Dear Commons Community,
Eight lawsuits have been filed in federal court in Manhattan over the past two weeks, most recently against Hofstra University on Long Island on Oct. 4. In each case, lawyers for Emanuel Delacruz, who is blind, charged that the college’s website is inaccessible to their plaintiff and therefore in violation of the Americans With Disabilities Act. As reported by the New York Times:
“The filings are part of a growing number of actions involving accessibility and the internet. The federal law requires that public accommodations be accessible to those with disabilities, and legal battles have long revolved around physical spaces and therefore physical solutions, such as elevators or wheelchair ramps. Now, advocates and lawyers argue, websites are also public spaces and need to be accessible, with things like captions or audio descriptions.

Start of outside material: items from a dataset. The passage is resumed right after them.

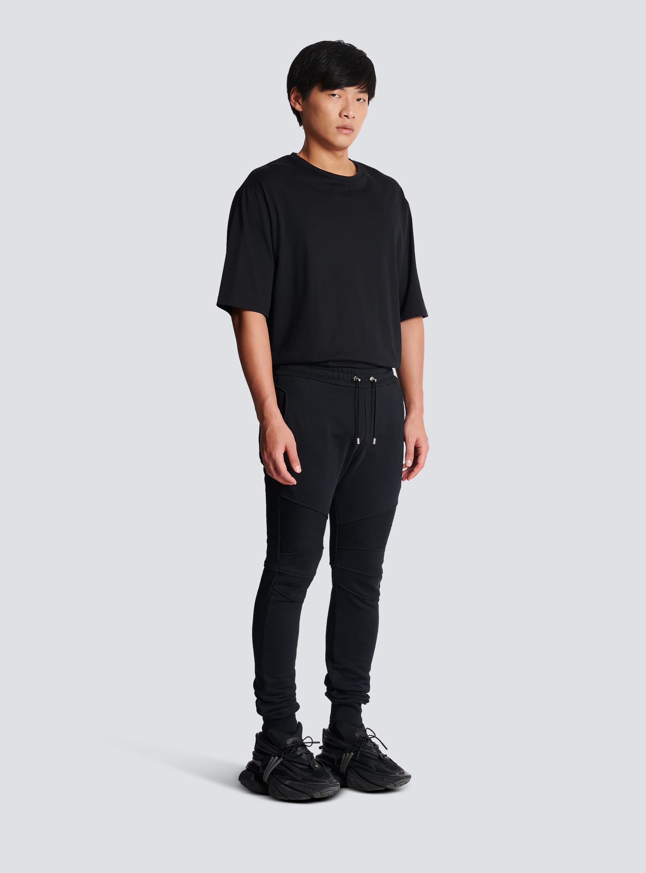 BALMAIN French Terry Leather Moto Jogger Pants Mens designer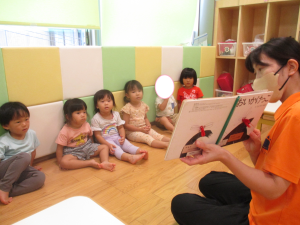 【おいかけっこ】という絵本の読み聞かせ風景です📸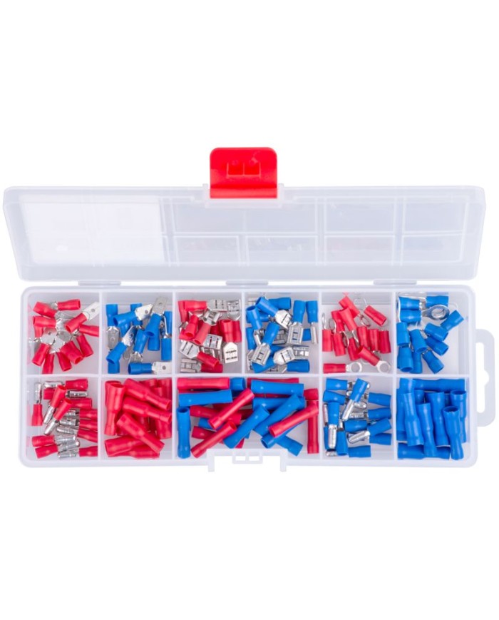 Sada elektrikárskych konektorov je použiteľná pre elektrikárov, mechanikov osobných automobilov, nákladných automobilov a stavebných strojov. Súprava je prehľadne usporiadaná v plastovom boxe.

Since January 2015, at least 751 lawsuits have been filed over the issue. The vast majority have focused on retailers and restaurants, according to a legal blog that tracks such suits. Only seven of the suits have been directed at academic websites. Mr. Delacruz’s suits alone doubled that count. And another website, which includes not only lawsuits but also government investigations into web or technological accessibility, lists 37 schools that have been accused of noncompliance with disability law.
Advocates for the deaf sued Harvard and M.I.T. in 2015 for failing to caption online lectures, courses and other educational materials. In 2016, after a complaint by two deaf people, the Department of Justice’s civil rights division found the University of California, Berkeley, had violated disability law by not providing the appropriate accommodations for its own free video lectures and podcasts.

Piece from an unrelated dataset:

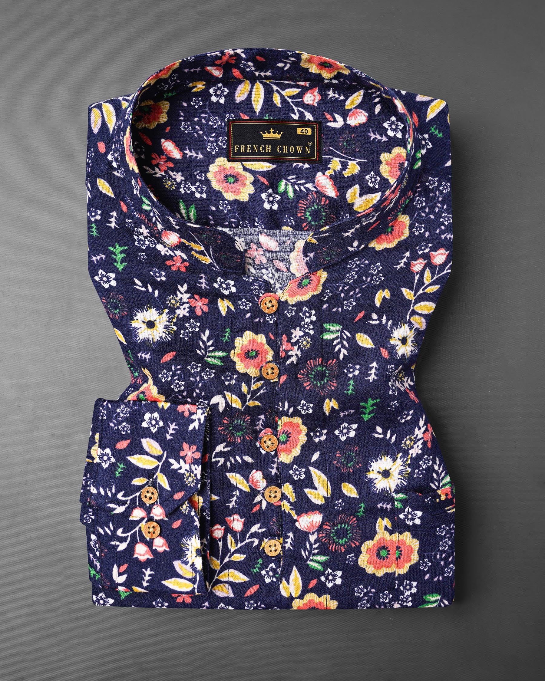 Wheatfield Beige Multicolour Leaves Printed Luxurious Linen ShirtWheatfield Beige Multicolour Leaves Printed Luxurious Linen Shirt

“As more and more students are aware of their rights, and as websites have become so much of what universities now focus on, in their marketing materials for example, it’s not surprising to me that there will be an increase in these types of lawsuits,” said Arlene Kanter, director of the Disability Law and Policy Program at Syracuse University’s law school.
Whether the plaintiffs will prevail is unclear. The Americans With Disabilities Act, written in 1990, makes no mention of the Internet. The Department of Justice, which enforces the act, has issued guidelines about web accessibility but no formal regulations on how to achieve it — and they seem unlikely to materialize soon, after the federal government in July placed web regulations on its list of “inactive” agenda items.”
If the plaintiff prevails in these cases, colleges will have to do a lot of retooling on all of their web activities.